Puff pastry.
This pastry is all about air and getting layers of air in-between the pastry to make it light and fluffy. You can just get from a shop easy ready to roll puff pastry and there is nothing wrong with that, in fact I would argue that you price that you pay to get some in would cost you less than it would to make your own if you take out the labour involved .But to know how to make it is important and a thing that you can always do when the shop has ran out.
What you are trying to do is get layer of fat and water between the pastry that will melt produce steam and that will create the layer in the pastry. Also, you will note that this pastry has a lot more water than you would have in a short crust pastry recipe as well.
Puff pastry.
225g or 8oz plain flour
A pinch of salt (only if your butter is not salted)
30g to 1 oz of lard.
120 to 150ml or 4 to 5 fl oz very cold water.

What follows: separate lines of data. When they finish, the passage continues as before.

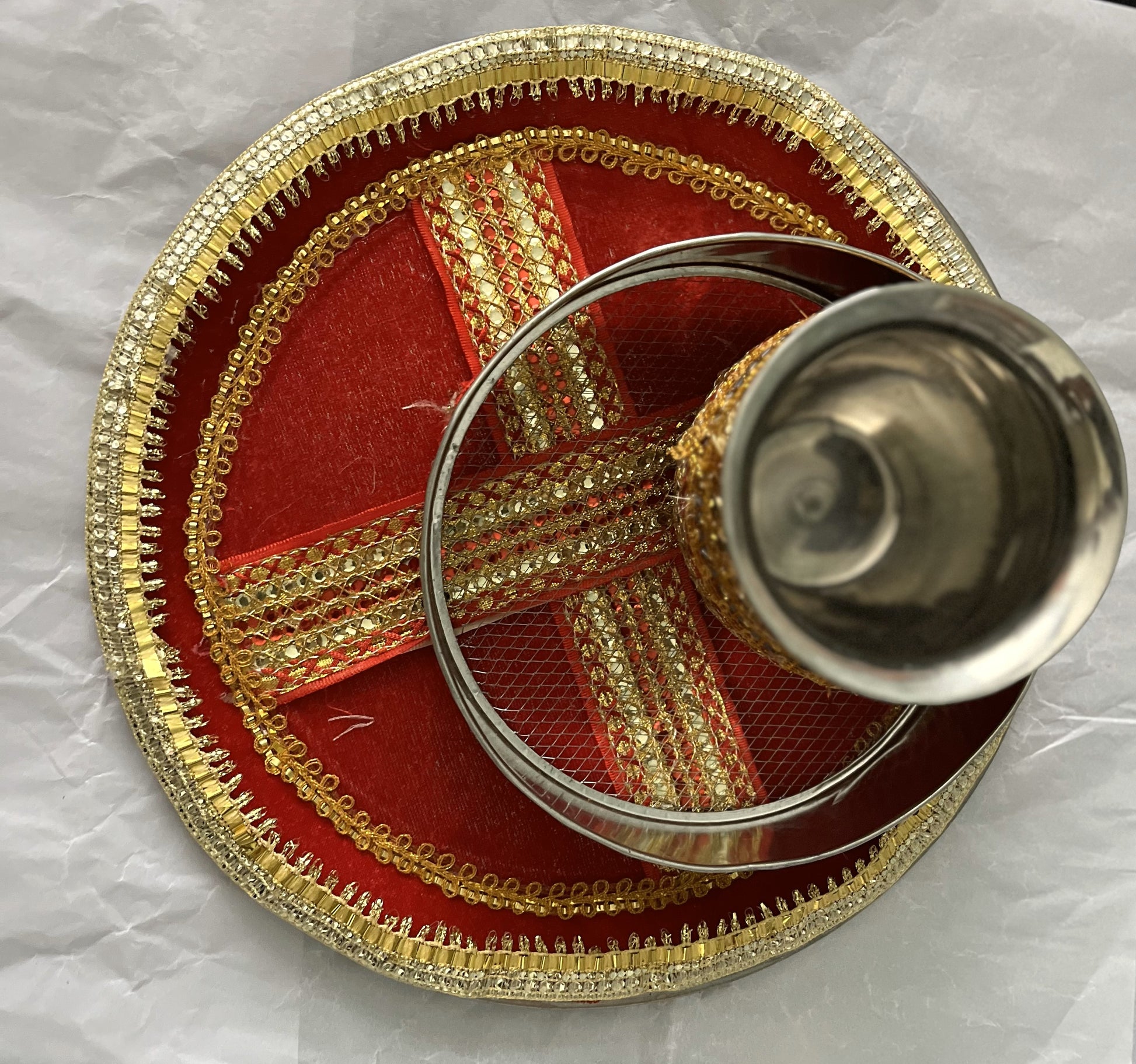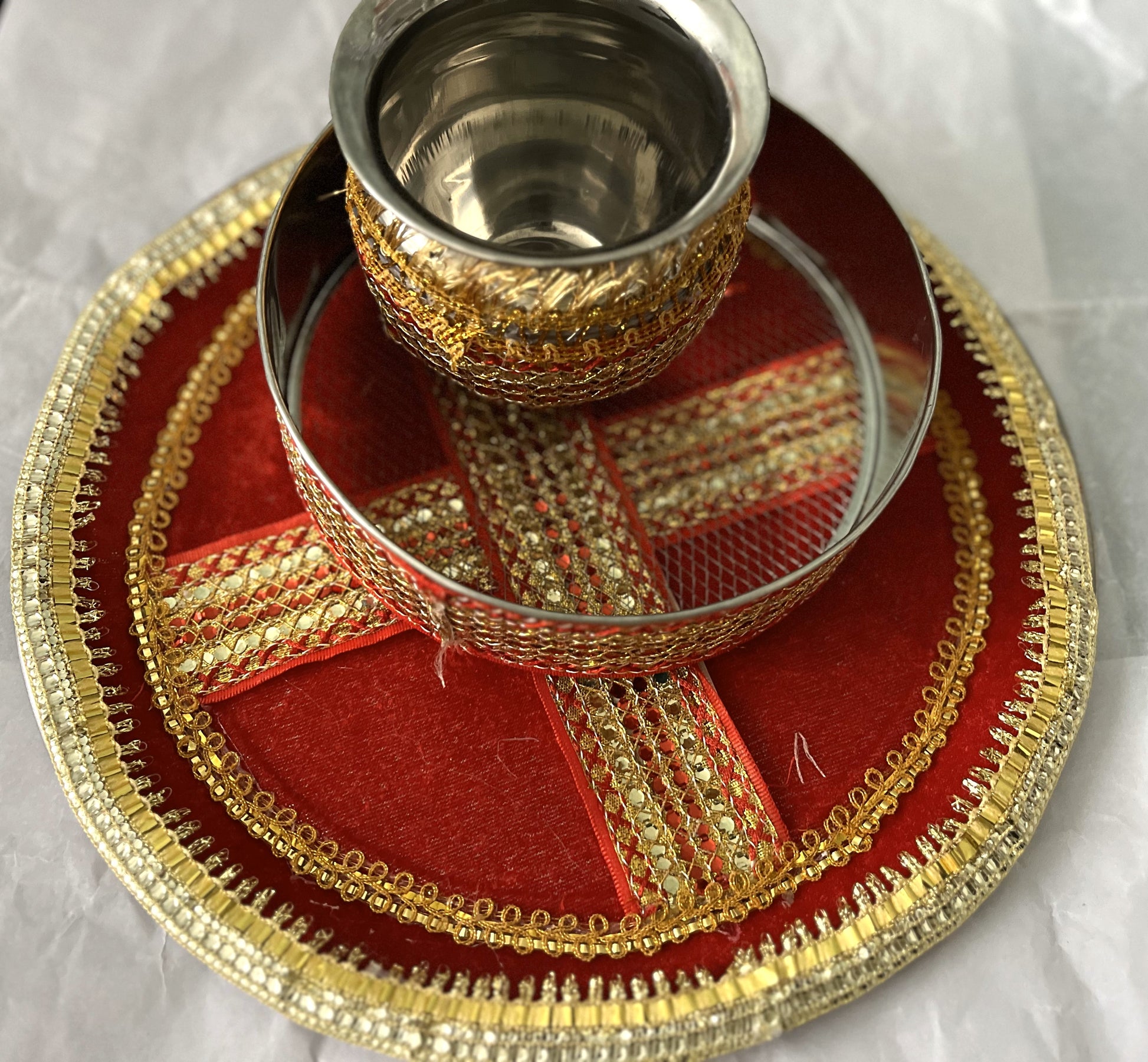 Beautiful Karwa Chauth thali set in red velvet and golden zari design.
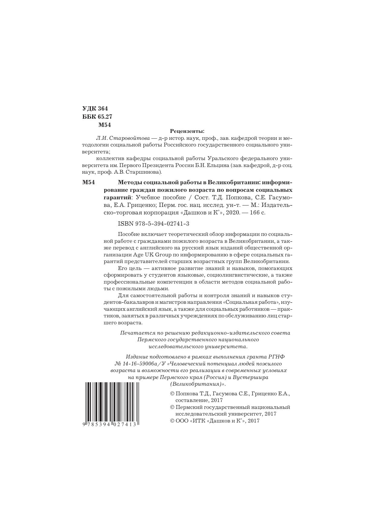 Пособие включает теоретический обзор информации по социальной работе с гражданами пожилого возраста в Великобритании, а также перевод с английского на русский язык изданий общественной организации Age UK Group по информированию в сфере социальных гарантий представителей старших возрастных групп Великобритании. Его цель- активное развитие знаний и навыков, помогающих сформировать у студентов языковые, социолингвистические, а также профессиональные компетенции в области методов социальной работы с пожилыми людьми. Для самостоятельной работы и контроля знаний и навыков студентов-бакалавров и магистров направлений "Социальная работа", изучающих английский язык, а также для социальных работников - практиков, занятых в различных учреждениях по обслуживанию лиц старшего возраста.
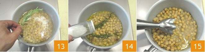 Ajoutez le romarin 13, et le sel 14, puis laissez cuire pendant 30-40 minutes. Retirez le romarin et mixez soigneusement avec un mixeur plongeant 15.

140 to 200g 0r 5 to 7 oz of butter.
Now personally I have always found that making puff pastry is easier and by far a better way than making ruff puff pastry. Now that goes against all the logical norms but it is true for me. You start with the flour sifting in to a blow as normal add the lard and rub them together. Then add the water until they bind together and knead them with your hands until you just start to get a smooth texture. Do not over work this dough or you will have started to go wrong. Remember light and quick as you can. Then rap this and place into the fridge for about 30 minutes.

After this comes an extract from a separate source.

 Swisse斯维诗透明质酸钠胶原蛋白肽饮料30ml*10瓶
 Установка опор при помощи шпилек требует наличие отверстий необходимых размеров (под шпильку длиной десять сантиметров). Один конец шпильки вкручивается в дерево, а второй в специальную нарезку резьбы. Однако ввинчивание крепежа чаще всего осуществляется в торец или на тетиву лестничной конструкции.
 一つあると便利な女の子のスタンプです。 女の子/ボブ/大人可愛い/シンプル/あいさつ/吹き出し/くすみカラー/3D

Then you take out the pastry and roll it out on a floured board into a rectangle about 30 to 40 cm to 10 to 15 cm or 12 by 6 inches. Shape the butter with a rolling pin and not your hand as you will start to melt it. You are looking for a small rectangular shape that will fit into the middle of your rolled out pastry but one that is not to big as you need to cover it with the pastry to make a envelope. Place the butter on to the pastry and fold both ends over to cover it. Then press down on the edge facing you to prevent the butter from escaping turn and repeat on the other side. What you should have now is a parcel of butter rapped in pastry. Carefully and quickly using short sharp rolls to start then a little longer harder one roll the pastry parcel out till it is about three times as big again. Ten from one end take about one third of the pastry and fold it back on its self. The from the other end fold the other third back over on the other two thirds so you end up with a square. Fold it as evenly as you can so that you build up the layer evenly in the pastry. Turn the pastry and tap the edges so that the butter cannot escape then roll and repeat once more. After that, you rap it and place it in a cool place. Do not unless you have to place it in the fridge it will become too much like hard work. If you do place it in the fridge do it for about 15 to 20 minuets and bring it out about 10 minuets before you roll it once more.

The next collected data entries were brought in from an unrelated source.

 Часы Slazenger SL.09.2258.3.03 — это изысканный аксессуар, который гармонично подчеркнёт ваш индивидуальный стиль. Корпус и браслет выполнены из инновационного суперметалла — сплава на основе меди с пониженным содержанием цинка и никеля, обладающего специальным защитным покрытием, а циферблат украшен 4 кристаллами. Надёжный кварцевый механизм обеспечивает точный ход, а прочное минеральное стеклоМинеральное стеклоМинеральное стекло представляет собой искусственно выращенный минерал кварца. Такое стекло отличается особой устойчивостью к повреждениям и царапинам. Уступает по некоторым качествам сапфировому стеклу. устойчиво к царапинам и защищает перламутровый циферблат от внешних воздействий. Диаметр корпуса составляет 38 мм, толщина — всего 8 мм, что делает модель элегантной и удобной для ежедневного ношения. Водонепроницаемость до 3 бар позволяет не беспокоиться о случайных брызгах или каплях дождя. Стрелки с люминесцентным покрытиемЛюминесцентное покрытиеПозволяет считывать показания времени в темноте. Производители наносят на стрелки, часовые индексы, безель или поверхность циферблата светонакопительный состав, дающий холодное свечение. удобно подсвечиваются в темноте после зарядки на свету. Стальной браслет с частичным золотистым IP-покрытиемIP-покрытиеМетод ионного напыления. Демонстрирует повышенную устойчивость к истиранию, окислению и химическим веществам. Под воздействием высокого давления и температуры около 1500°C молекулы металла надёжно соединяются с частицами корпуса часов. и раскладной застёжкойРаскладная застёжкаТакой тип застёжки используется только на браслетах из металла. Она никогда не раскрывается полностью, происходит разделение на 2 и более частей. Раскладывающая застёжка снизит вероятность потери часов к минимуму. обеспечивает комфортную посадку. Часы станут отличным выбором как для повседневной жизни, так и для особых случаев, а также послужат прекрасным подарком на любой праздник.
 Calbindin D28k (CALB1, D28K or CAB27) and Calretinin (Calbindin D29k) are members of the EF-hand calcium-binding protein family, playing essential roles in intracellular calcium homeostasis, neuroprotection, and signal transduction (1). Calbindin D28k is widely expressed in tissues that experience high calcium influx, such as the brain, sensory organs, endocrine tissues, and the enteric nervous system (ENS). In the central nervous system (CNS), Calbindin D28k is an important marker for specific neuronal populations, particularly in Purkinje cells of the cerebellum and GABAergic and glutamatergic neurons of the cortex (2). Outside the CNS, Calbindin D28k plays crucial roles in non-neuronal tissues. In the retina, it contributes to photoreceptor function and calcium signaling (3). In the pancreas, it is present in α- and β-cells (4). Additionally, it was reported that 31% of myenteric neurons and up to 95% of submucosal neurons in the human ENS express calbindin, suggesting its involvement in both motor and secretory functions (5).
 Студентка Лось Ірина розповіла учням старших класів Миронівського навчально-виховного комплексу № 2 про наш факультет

Now you must roll it in to a rectangle again and then fold in to a square, turn it roll in to a rectangle then fold back in to a square then place it back to rest once more before doing this for the last time. You need to turn and roll about six times altogether to get a good result. A pastry that is rolled and turned six times will have about 729 layer .I found this hard to believe but if you take 1 multiply by 3 give you 3 , 3 by 3 gives you 9, 9 by 3 gives 27 and so on . So it is the turning and the rolling that take the time. But if you know you are going to be using puff pastry make it a day in advance and you will have very little to worry about.
Both of the pastries will need to be rested before you use them so roll and then cut them to what you want and then rest before baking.